**TASK DETAILS**
A verbatim restatement of the data, free of pictures, is what you should output.
START AVAILABLE RECORDS
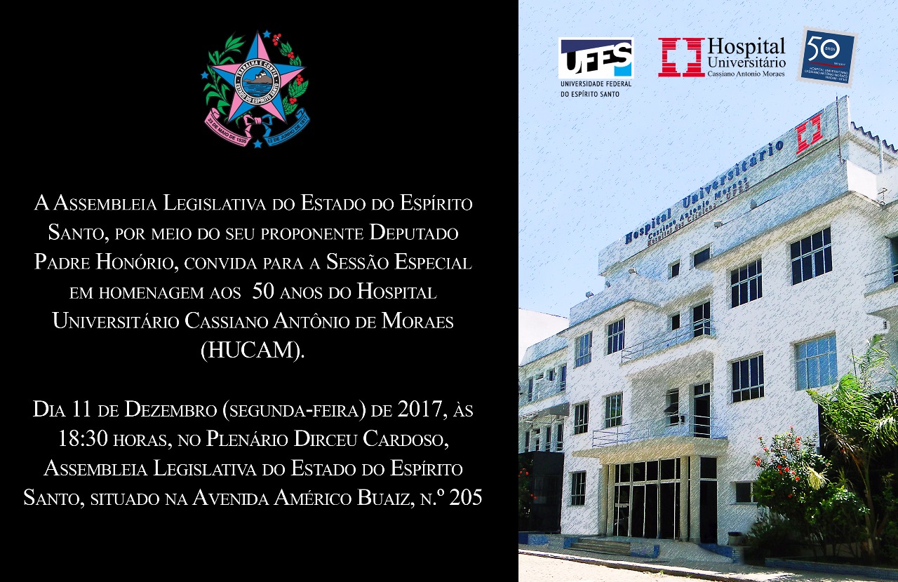 A Assembleia Legislativa do Espírito Santo realiza nesta segunda-feira, 11, às 18h30, sessão especial em homenagem aos 50 anos do Hospital Universitário Cassiano Antonio Moraes (Hucam). A sessão, proposta pelo deputado Padre Honório, será realizada no plenário Dirceu Cardoso e contará com a presença do reitor da Ufes Reinaldo Centoducatte, da vice-reitora Ethel Maciel, e do superintendente do Hucam, Luiz Alberto Sobral Vieira Júnior.
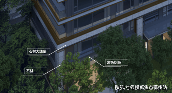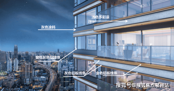 标准层外立面选材以涂料、多彩漆为主,层间以及窗框周边点缀铝板线条进行装饰;石材大线条以下的外立面(架空层和二层)均为石材和铝板(除窗户、阳台内侧墙面、玻璃栏板、百叶外)。
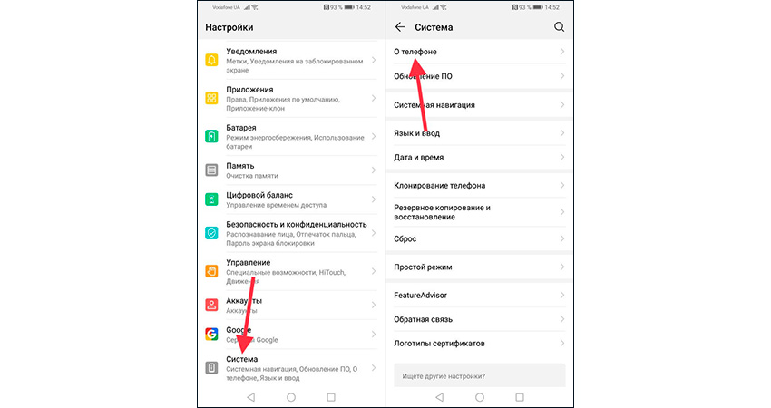 - Открыть настройки смартфона;
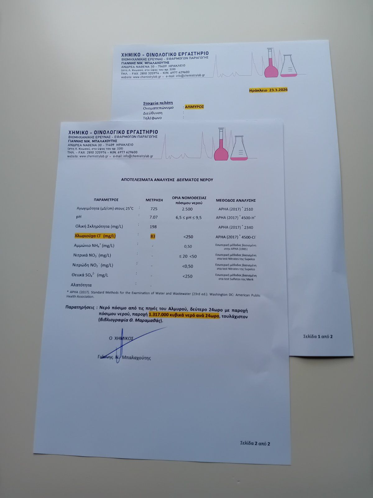 Στις 23 Μαρτίου η αγωγιμότητα ήταν 725, το ph 7,07, η ολική σκληρότητα 198, χλωριούχα 83, και κατέβαζει 1,317 εκατ. κκυβικά γλυκό νερό το 24ωρο.
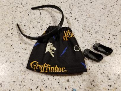 With this lot you will receive what you see in the photo. The cute little Harry Potter Print Skirt, the cute little Black Pair of Shoes (that click on from the little toe over and STAY on the foot!) as well as the matching Headband.
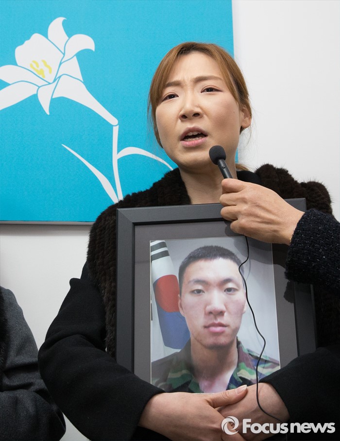 (서울=포커스뉴스) 16일 오후 서울 서대문구 군피해치유센터 '함께' 개소식에서 故 신성민 상병 둘째누나 신미희 씨 가 인사말을 하고 있다.
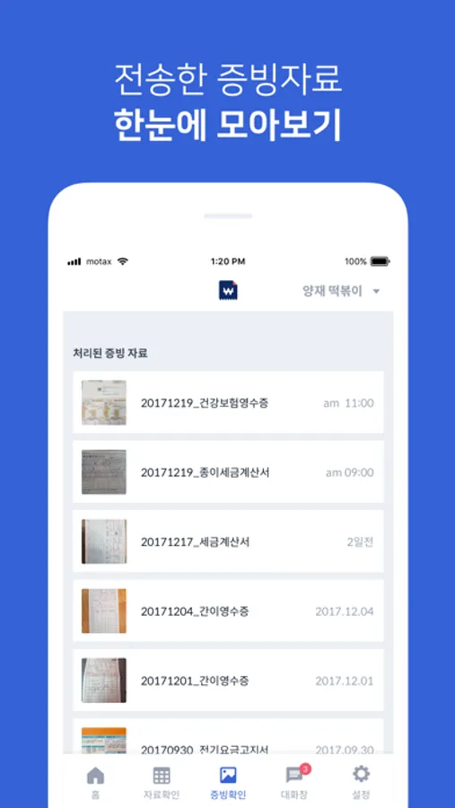 종이증빙만 사진 찍어 보내주시면 나머지는 모바일택스가 처리합니다.
END AVAILABLE RECORDS
**WRITTEN REPLY**
 A Assembleia Legislativa do Espírito Santo realiza nesta segunda-feira, 11, às 18h30, sessão especial em homenagem aos 50 anos do Hospital Universitário Cassiano Antonio Moraes (Hucam). A sessão, proposta pelo deputado Padre Honório, será realizada no plenário Dirceu Cardoso e contará com a presença do reitor da Ufes Reinaldo Centoducatte, da vice-reitora Ethel Maciel, e do superintendente do Hucam, Luiz Alberto Sobral Vieira Júnior.
 标准层外立面选材以涂料、多彩漆为主,层间以及窗框周边点缀铝板线条进行装饰;石材大线条以下的外立面(架空层和二层)均为石材和铝板(除窗户、阳台内侧墙面、玻璃栏板、百叶外)。
 - Открыть настройки смартфона;
 Στις 23 Μαρτίου η αγωγιμότητα ήταν 725, το ph 7,07, η ολική σκληρότητα 198, χλωριούχα 83, και κατέβαζει 1,317 εκατ. κκυβικά γλυκό νερό το 24ωρο.
 With this lot you will receive what you see in the photo. The cute little Harry Potter Print Skirt, the cute little Black Pair of Shoes (that click on from the little toe over and STAY on the foot!) as well as the matching Headband.
 (서울=포커스뉴스) 16일 오후 서울 서대문구 군피해치유센터 '함께' 개소식에서 故 신성민 상병 둘째누나 신미희 씨 가 인사말을 하고 있다.
 종이증빙만 사진 찍어 보내주시면 나머지는 모바일택스가 처리합니다.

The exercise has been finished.